2. It is desirable to refrain from rendering a sentence that does not change the conditions of sentencing compared with the first instance court, and where the sentencing of the first instance court does not deviate from the reasonable scope of discretion, it is reasonable to respect them. Although the sentence of the first instance court falls within the reasonable scope of discretion, it is reasonable to refrain from rendering a sentence that does not vary with the first instance court on the sole ground that the difference between the opinion of the appellate court and the judgment of the first instance court is somewhat different (see Supreme Court Decision 2015Do3260, Jul. 23, 2015).
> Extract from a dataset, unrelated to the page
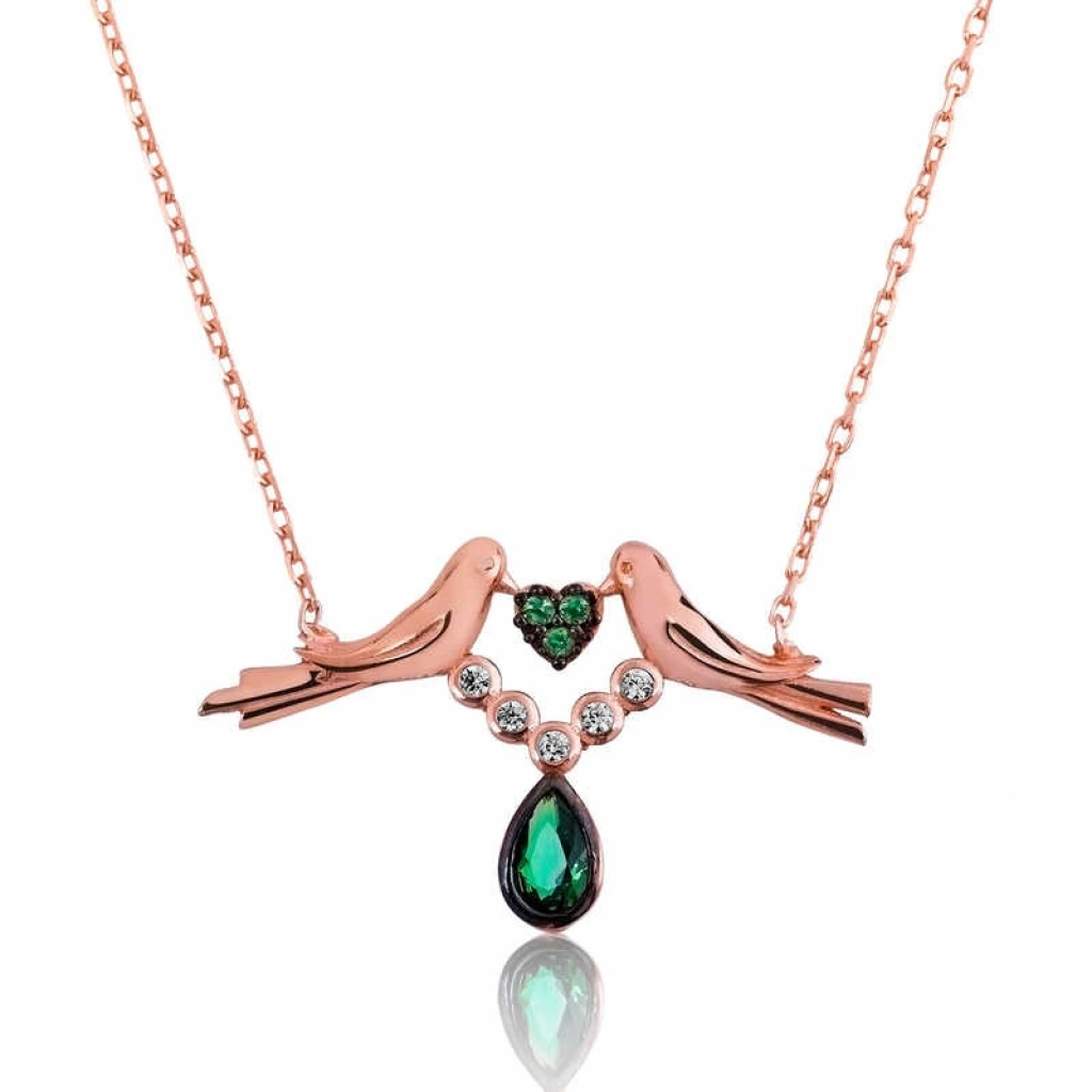 Kalp deseniyle aşkı ifade eden bu kolye ile sevginiz, sevdiğiniz kadının teninde hayat bulsun. Aşık kuşların bağlılıklarını anlatan bu şık kolye; 925 ayar gümüşten imal edilmiştir. Gümüş üzerine rose altın kaplama yapılmıştır. Rose altın kaplama yapılan gümüş kolyeler parlaklığını uzun süre muhafaza eder ve oksitlenmesi gecikir. Kolye üzerinde bulunan taşlar zirkondur. Gümüş olan zincir boyu ortalama 45 cm'dir. Tüm kolyelerde olduğu gibi gümüş sevgi kuşu kolye modeli de el emeği ile üretilmiştir. Gümüş ve değerli taşlar nedeniyle belirtilen ortalama ürün ağırlığında ± %10 sapma olabilmektedir.

In light of the foregoing legal principles, there is no change in the conditions of sentencing compared with the lower court on the grounds that new sentencing materials have not been submitted in the first instance court, and the sentence of the first instance court is within the scope of the discretion of sentencing granted to the lower court, and it cannot be said that the said sentence is reasonable and unfair because it is too unreasonable due to the lack of discretion.

Therefore, the defendant's assertion is without merit.

3. In conclusion, the Defendant’s appeal is dismissed under Article 364(4) of the Criminal Procedure Act on the grounds that it is without merit. It is so decided as per Disposition (Article 25(1) of the Rules on Criminal Procedure, “Article 2(2), 2(1)3, and 1 of the Punishment of Violences, etc. Act” is “Article 2(2)3 and 2(1)1 of the Punishment of Violences, etc. Act”.